(Stored data):
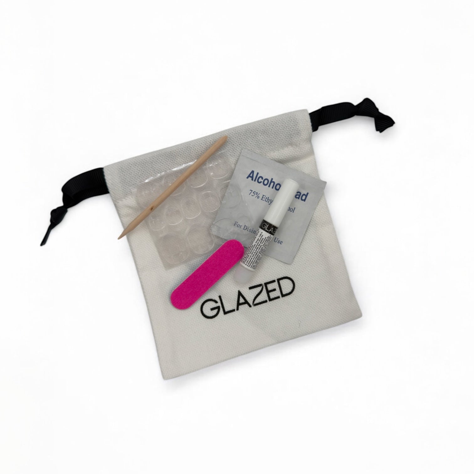 To remove your Glazed press-ons, soak your nails in warm water with soap and any oil for 15 minutes. Once you begin to feel the glue soften, use the wooden stick tool provided to get leverage between the nail and the press-ons and pop the press-ons off.
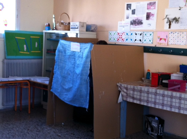 Πήρε δύο κούτες, κρέμασαν και μία λινάτσα και… έτοιμο! Μπορεί βέβαια το παραβάν να θυμίζει την… παράγκα του καραγκιόζη, αυτό που έχει όμως σημασία, είναι ότι εξασφαλίστηκε η λειτουργία της μυστικής ψηφοφορίας.
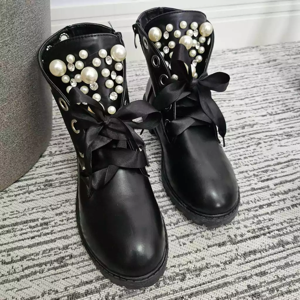 Aba da bota cravejada de PÉROLAS e Strass que dá um toque romântico na peça.

(Brief): Transcribe the lines above exactly, setting aside any picture among them.

(Answer box):
 To remove your Glazed press-ons, soak your nails in warm water with soap and any oil for 15 minutes. Once you begin to feel the glue soften, use the wooden stick tool provided to get leverage between the nail and the press-ons and pop the press-ons off.
 Πήρε δύο κούτες, κρέμασαν και μία λινάτσα και… έτοιμο! Μπορεί βέβαια το παραβάν να θυμίζει την… παράγκα του καραγκιόζη, αυτό που έχει όμως σημασία, είναι ότι εξασφαλίστηκε η λειτουργία της μυστικής ψηφοφορίας.
 Aba da bota cravejada de PÉROLAS e Strass que dá um toque romântico na peça.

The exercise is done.